Tout ceci fut rendu possible car ces évolutions ont respecté les règles définies par ces lois : ce sont elles qui régissent l’ensemble de l’Univers et qui dictent d’une certaine manière ce qui est possible et ce qui ne l’est pas. A l’échelle de l’humanité, ce n’est que récemment que nous avons pris conscience de leur importance et de leur impact sur notre environnement. C’est à partir de ce moment-là que l’on a commencé à parler de progrès. La puissance de ces lois permet aujourd’hui à certains scientifiques d’expliquer que les possibilités liées au développement de notre espèce sont potentiellement inépuisables tant qu’elles respectent ces principes.

Dans son ouvrage « The Beginning of Infinity », le physicien David Deutsch nous présente l’ensemble des explications qui ont transformé la manière dont nous appréhendons le monde dans lequel nous vivons et la place du progrès dans l’Histoire. Son constat principal repose sur le fait que la connaissance ne fait qu’évoluer au fil du temps et nous permet constamment d’expliquer de nouvelles choses. Il s’agit cependant d’un processus perpétuel qui ne connaît pas de fin, c’est pourquoi nous nous trouverons toujours selon l’auteur, au “début de l’infini”.

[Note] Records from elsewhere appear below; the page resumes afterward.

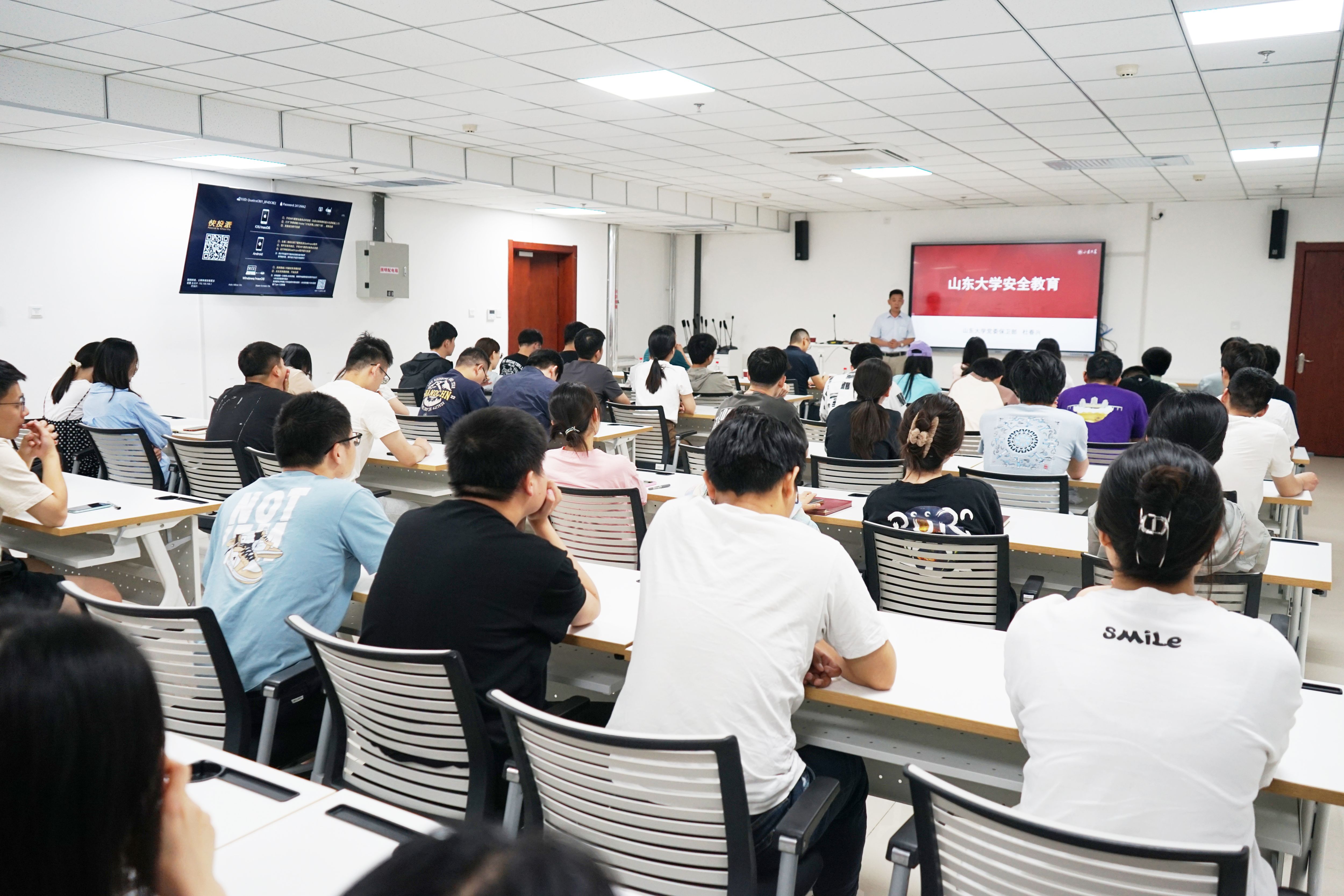 杜春兴为与会师生播放《2022年化学院实验室安全宣传片》,以山东大学实际安全事故为例,介绍基础安全知识、火灾常识、实验室安全、电动车安全、预防电信诈骗等内容,全面详细作“山东大学安全教育培训”。讲解结束,杜春兴为大家进行消防用品使用培训,对消防设施识别、消防器材使用、消防常识和应急处置方案进行详细讲解。杜春兴表示实验室是高校人才培养、科技创新的核心场所,确保其安全是师生生命财产安全、校园安全稳定、科研创新和人才培养的重要前提。
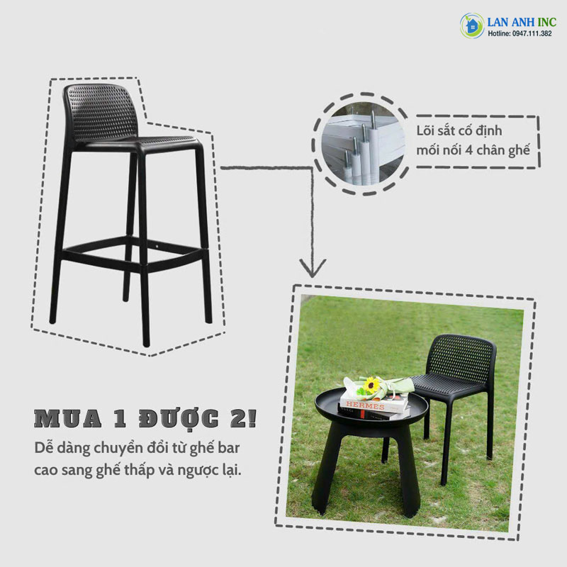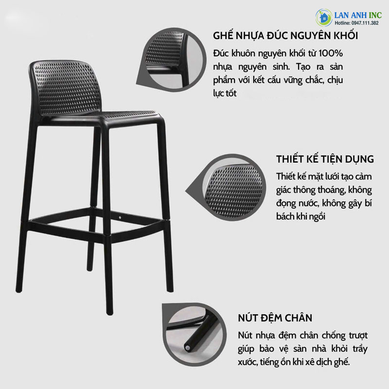 Ghế quầy bar nhựa PP cao cấp LA3025
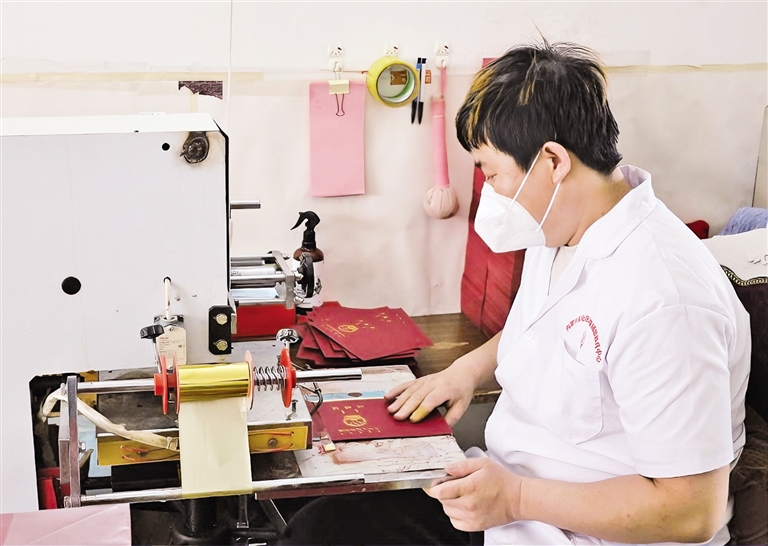 烫金、糊裱、裁切,残疾人员工在流水线上默契配合,他们用双手细细打磨每一处细节,将责任与温情注入方寸之间。

Pour mieux comprendre ce principe et celui de progrès, il nous faut d’abord étudier notre Histoire afin de comprendre comment l’espèce humaine est arrivée à prendre conscience de la portée des explications qu’elle n’a cessé de formuler sur son environnement.

Sur le passé

L’Histoire telle que nous la concevons comme discipline ou champ d’étude, ne débute qu’avec l’émergence de l’écriture. En effet, nous sommes incapables d’affirmer des récits de périodes antérieures sans risquer de déformer la réalité, bien que ce soit parfois le cas de récits historiques qui relatent l’Histoire récente…

Préhistoire

La période précédant l’Histoire représente la Préhistoire. Nous sommes en mesure d’expliquer grossièrement ce à quoi ressemblait la vie de nos ancêtres uniquement grâce aux traces qu’ils ont laissé sur leur passage. Si les plus anciens fossiles de l’espèce Homo sapiens semblent dater de près de 300 000 ans, ce n’est qu’à partir de 45 000 ans avant notre ère que l’espèce commença à réellement “progresser” : on appelle cette période le paléolithique.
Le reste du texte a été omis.